A colleague pointed me to a job advert to teach at a new university in London: the London Interdisciplinary School.

I was excited to see this was happening, because a new university may well be the best way to make the change we need in science and education.

The fundamental change we need is to take computing seriously.

Taking computing seriously implies two things:

  • Code as the basis for data analysis
  • Disciplined working process as the basis for collaboration.

If you don’t like reading long blog posts, skip to the blueprint at the end; you may want to come back here for the background.

I have discussed these changes before in Research methods in the twenty-first century.

Code as the basis for data analysis

This is the true and fruitful meaning of the term data science (see What is data science?).

The insight has been most accurately captured by the data science teaching initiatives at Berkeley – see https://data.berkeley.edu/education. Berkeley runs a foundation course in data science, called data8. Quoting from that page:

The course is designed for entry-level students from any major. It is designed specifically for students who have not previously taken statistics or computer science courses.

The course teaches programming (in Python) as the fundamental tool for analyzing data. It spends a lot of time thinking about plotting, and about the nature of inference. Because it uses a programming language, it can and does replace all classical statistical tests, such as t-tests, with equivalents that use resampling. When the student knows some code, resampling is much easier to explain than the classical statistical tests (Cobb 2007); the students can write the procedures for themselves, and fully understand all the steps, including the inference at the end.

The Berkeley course does not cover “big data”, and that’s the right thing to do. “Big data” is something you learn about when you have a firm foundation in small data.

It does cover some machine learning and prediction, and does it very well, but at the end, as another set of techniques for using data to draw conclusions about the world. This is right too. No student should start using machine learning without a good basic understanding of data analysis, sampling and inference.

Berkeley uses this course as a foundation on which to build a whole new approach to teaching. They have many connector courses that use the same tools and techniques as the foundation course, but apply them to areas such as law, statistics, computer science, psychology and geography.

This is right too; we should teach with data. We should engage students at once with the problem of real data, and the difficulties of drawing conclusions. They should think about the ambiguities in data and the conclusions we draw. They should learn to check all conclusions by the instructor, or in a scientific paper, against the data. They should constantly ask “Is that true? Under what circumstances is it true? How sure am I, that it is true? How would I get more evidence to support or refute this conclusion”.

Disciplined working process as the basis for collaboration

Working in collaboration on data analysis and other scientific projects is very difficult, and we currently do that very badly. We need to teach our students to start with sound, efficient practice, and keep teaching them with this same practice, so it becomes natural for them to use it for all new problems.
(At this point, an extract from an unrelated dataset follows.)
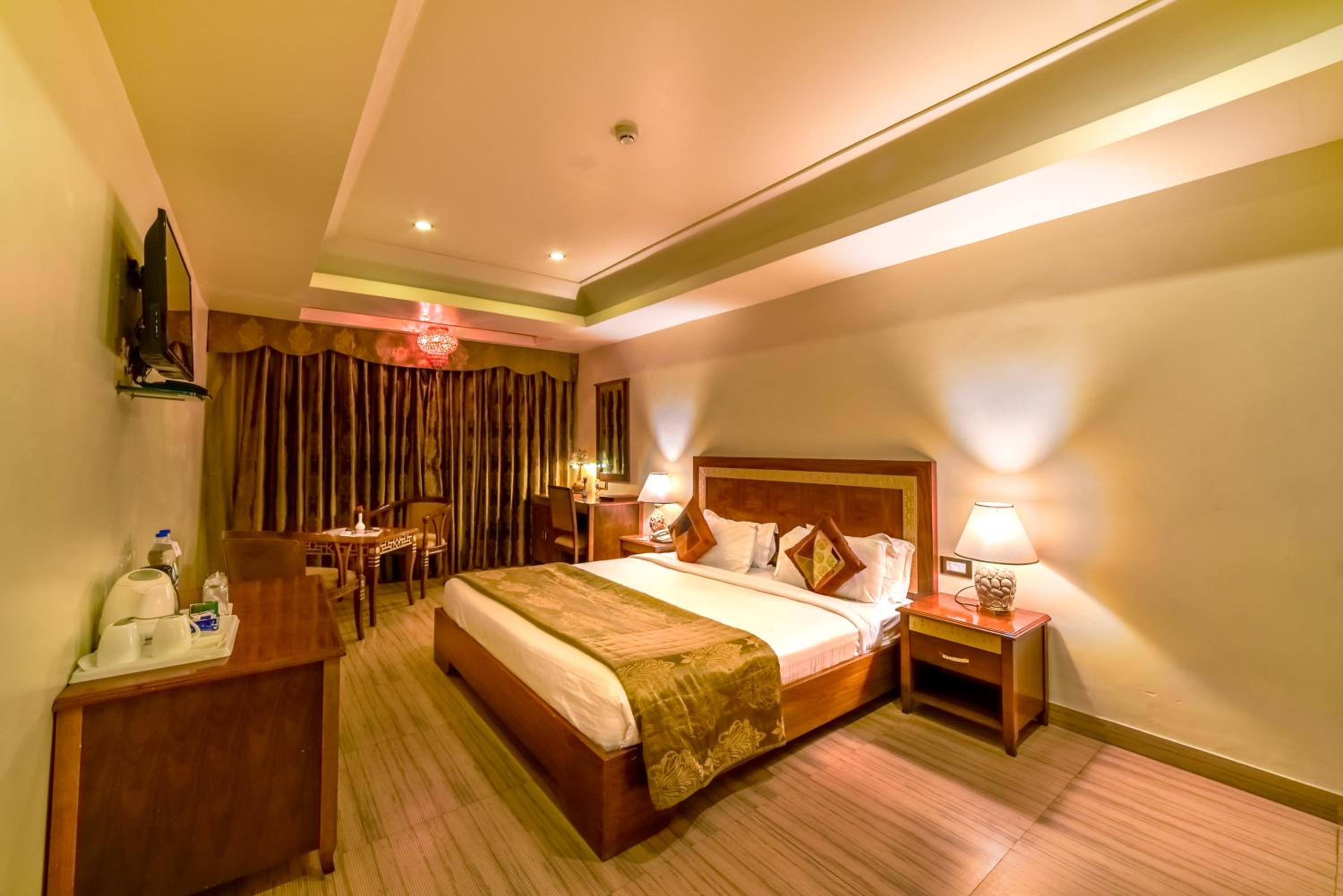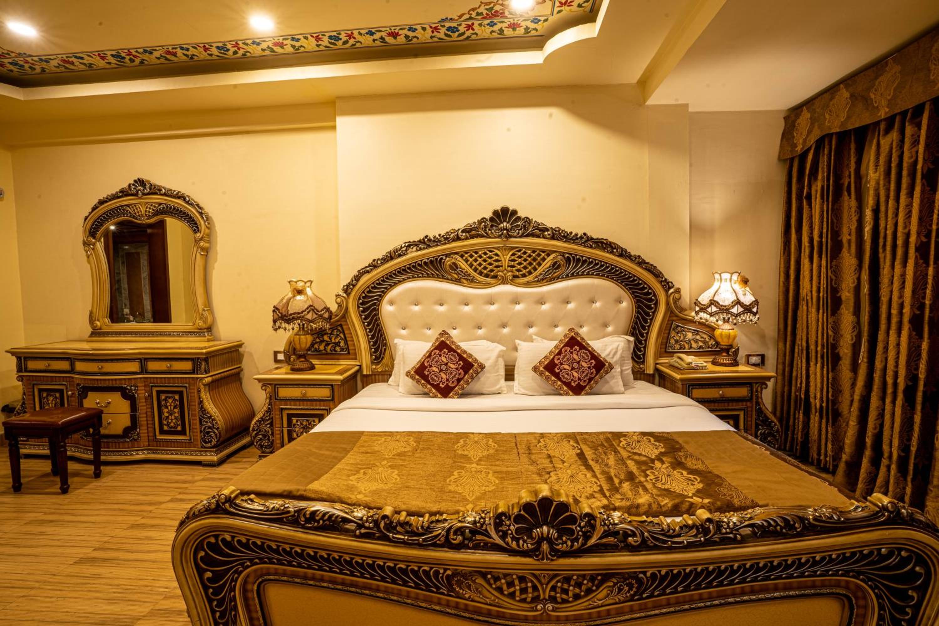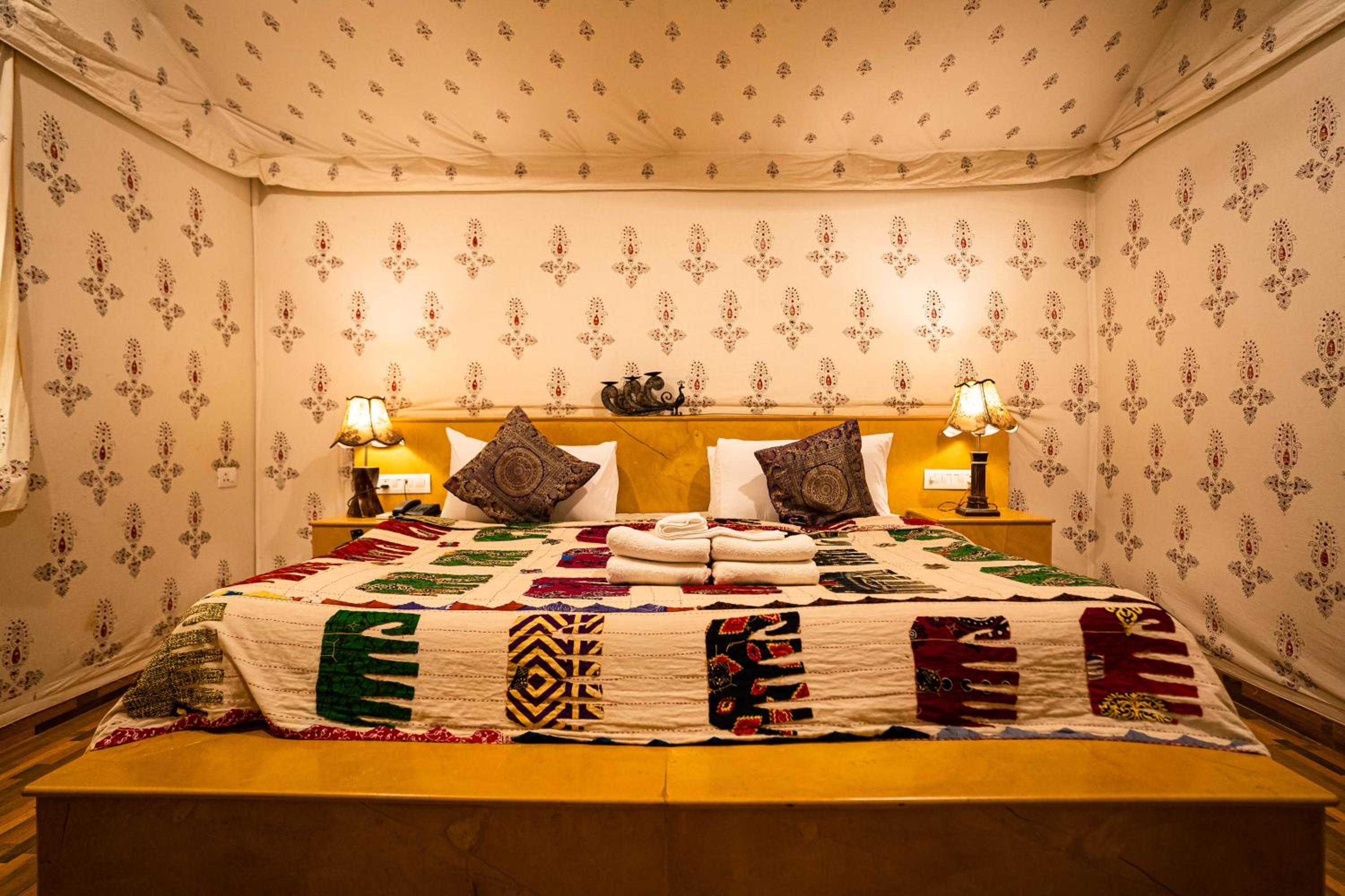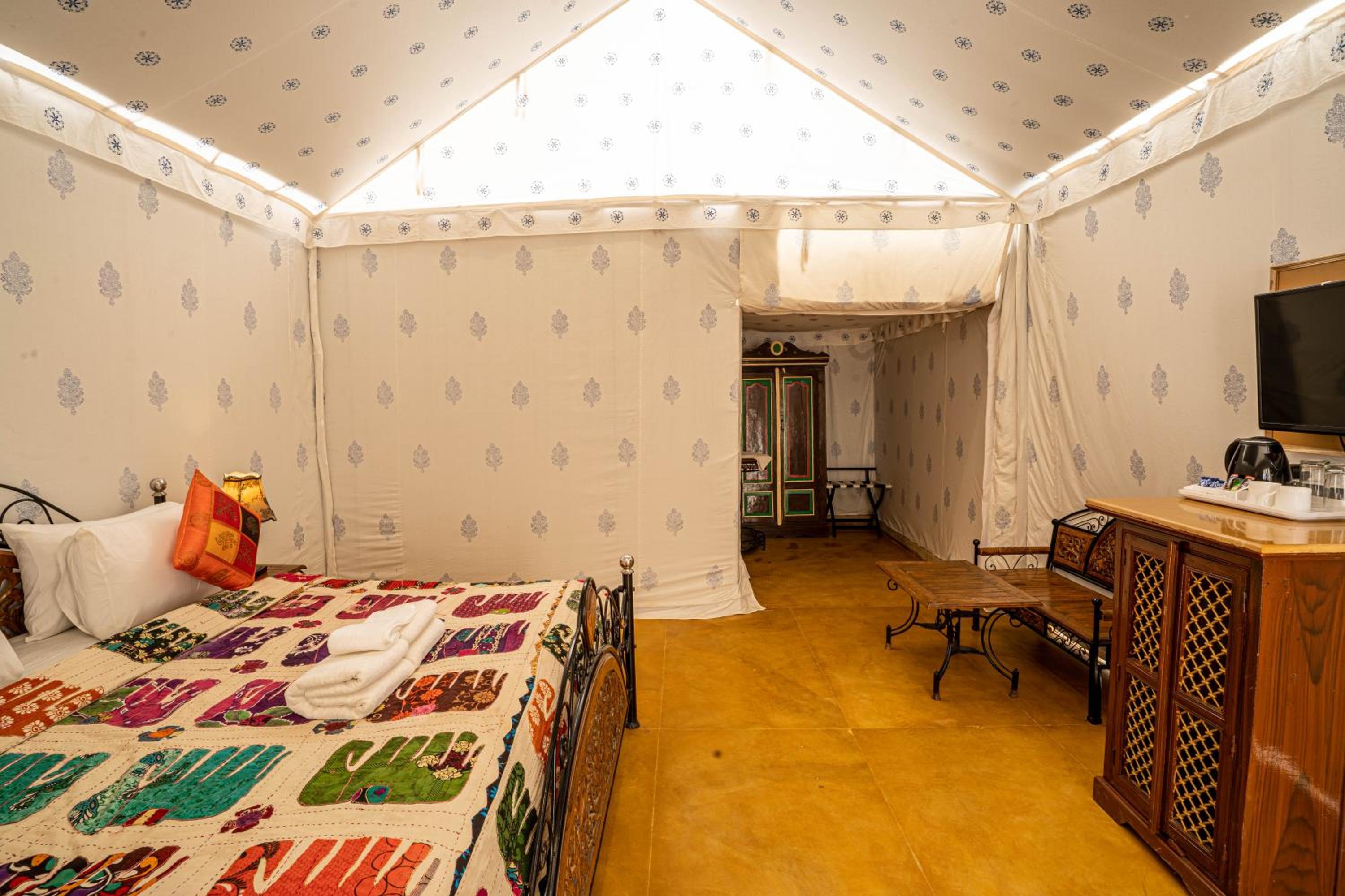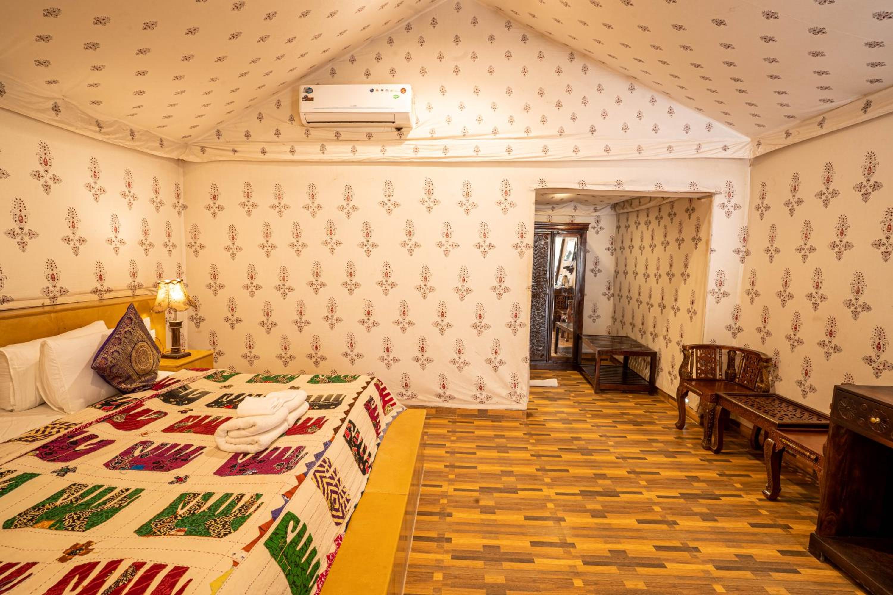 Experience the charm of spacious traditional rooms at Chokhi Dhani Palace Hotel, equipped with modern conveniences like free wired internet, cable TV, and 24-hour room service.

Science as currently practiced, and taught, uses what I would call an artisan working process, or at least, that is the polite name for it. A less polite description might be sloppy, informal and inefficient. Our current model is that of the skilled craftsman, from before the industrial revolution. The craft is so specialized, variable and arcane, that the only way to learn is for the student to copy the techniques they see during their apprenticeship. In science, the apprenticeship is working as a graduate student or post-doc. Scientists mostly work alone. The large proportion of scientists who use a significant amount of computing, have disorganized, informal working practice, passing around scripts and Word documents via email or via shared drives. It is very hard to share work, because each researcher has their own habits of analysis, coding, and data organization. There is very little chance that the work will be reproducible, even by the same researcher, after a few weeks, and little chance that a mentor will be able to check the work for error.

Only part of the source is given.